The head-and-shoulders (H&S) top is one of the best-known patterns in technical analysis. This pattern was first written about in 1930 by a financial editor at Forbes magazine that described how the H&S forms and how it can be traded.
Many readers are familiar with the H&S pattern. On a price chart, there will be three peaks in price at the end of the uptrend, with the center peak (the head) being higher than the other two. The peaks on the sides (the shoulders) should be about equal in height.
Connecting the bottom of the peaks gives us the neckline, and breaking the neckline is the sell signal. Real H&S patterns rarely resemble the precise line diagrams seen in books, and the chart below shows one that occurred in real market conditions. The shoulders are nearly, but not quite, the same height.
The problem with charts is that their interpretation is subjective. Many traders find an H&S in almost every chart they look at because some traders tend to see what they want to see.
Because traders see what they want to see, results vary. Some may find success looking at charts while others will suffer losses.

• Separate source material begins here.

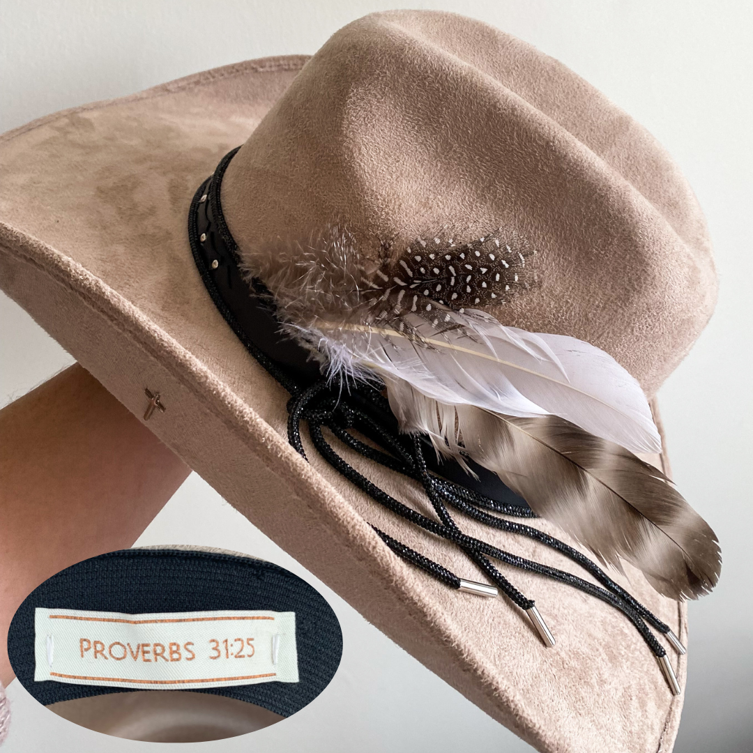 Hand stitched label, Proverbs 31:25 inside every hat.

For example, an MIT professor explained that an H&S pattern is a date series where "the magnitudes and decay pattern of the first twelve autocorrelations and the statistical significance of the Box-Pierce Q-statistic suggest the presence of a high-frequency predictable component in stock returns."
This definition isn't practical for most traders to use because most of us don't know what all those words mean. However, by using definitions like that, objective studies can be done to determine if the pattern works.

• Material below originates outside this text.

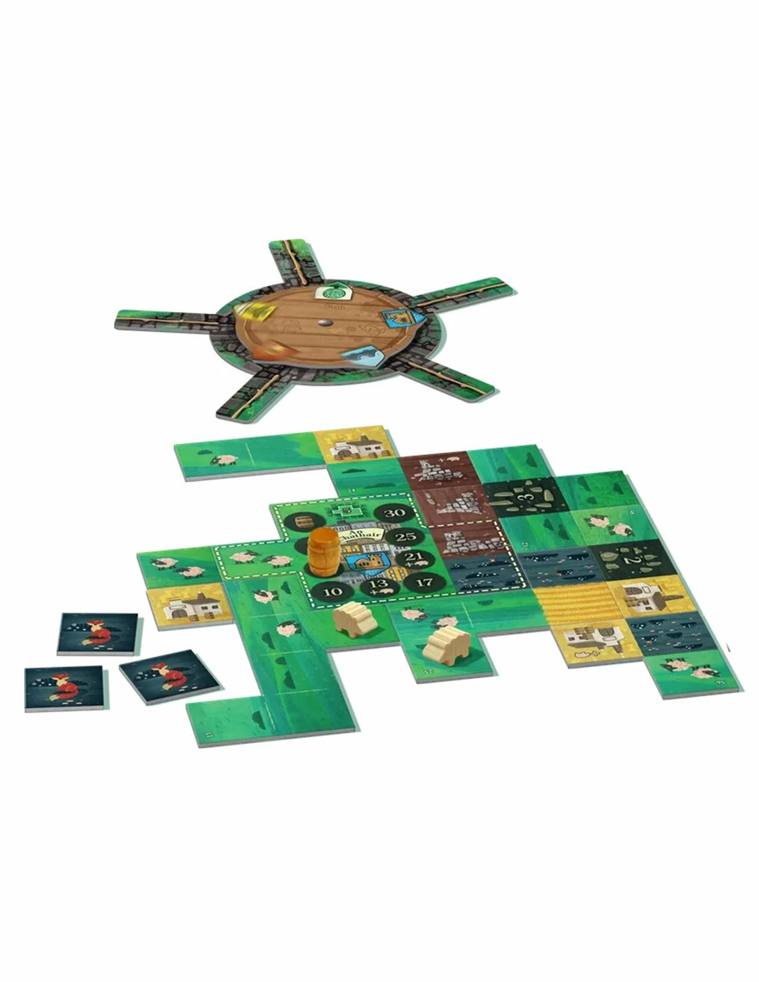 In the tile-laying family game Tipperary, players are challenged to create their perfect vision of an Irish county by placing polyominoes and thus collecting sheep, castles and whiskey. The linchpin ist a ‘magical stone circle”, that decides which of the tiles you can choose from. After twelve rounds, one player will be named chief of Tipperary.

The first study on the H&S pattern was done by economists at the Federal Reserve Bank of New York. The researchers wrote:
"Though such visual, nonlinear chart patterns are applied frequently by technical analysts, our paper is one of the first to evaluate the predictive power of such patterns... We identify head-and-shoulders patterns using an objective, computer-implemented algorithm."
The results show "profits would have been both statistically and economically significant."

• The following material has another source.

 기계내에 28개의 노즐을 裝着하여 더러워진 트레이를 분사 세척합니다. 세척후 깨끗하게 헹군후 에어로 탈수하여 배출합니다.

Studies like this show us that old ideas can be valuable in the market when those ideas are defined precisely and followed with a disciplined approach.
Another old idea in the markets is to buy stocks that go up. During the Great Depression, the entertainer Will Rogers supposedly told his audience, "The way to make money in the stock market is to buy a stock. Then, when it goes up, sell it. If it's not going to go up, don't buy it!"
Rogers was being funny, but we have found similar advice in other books and realized that we can actually follow that advice. Relative strength (RS) is a tool that allows us to find stocks that are going up.
The way to make money is to buy stocks with high RS and sell them when the RS turns down. RS can be precisely defined, programmed and tested. It can also be applied in real time to make buy and sell decisions.
Using this indicator, you could have captured a large gain in Best Buy (NYSE: BBY), one of the biggest winners among stocks in the S&P 500 index in 2013.
In this case, the buy signal would be given after the stock starts moving up and the sell signal comes after the decline stalls.
We have found that successful trades like this can be found by using a disciplined approach to trading. The H&S pattern can be traded using only charts, but many traders would be better served by defining the pattern in a software package to help avoid buying and selling based on what they think they see.
The same is true for any trading tool. Some of the best ideas for traders have worked for decades. Those tools can now be applied consistently and objectively with automated processes that should increase profits.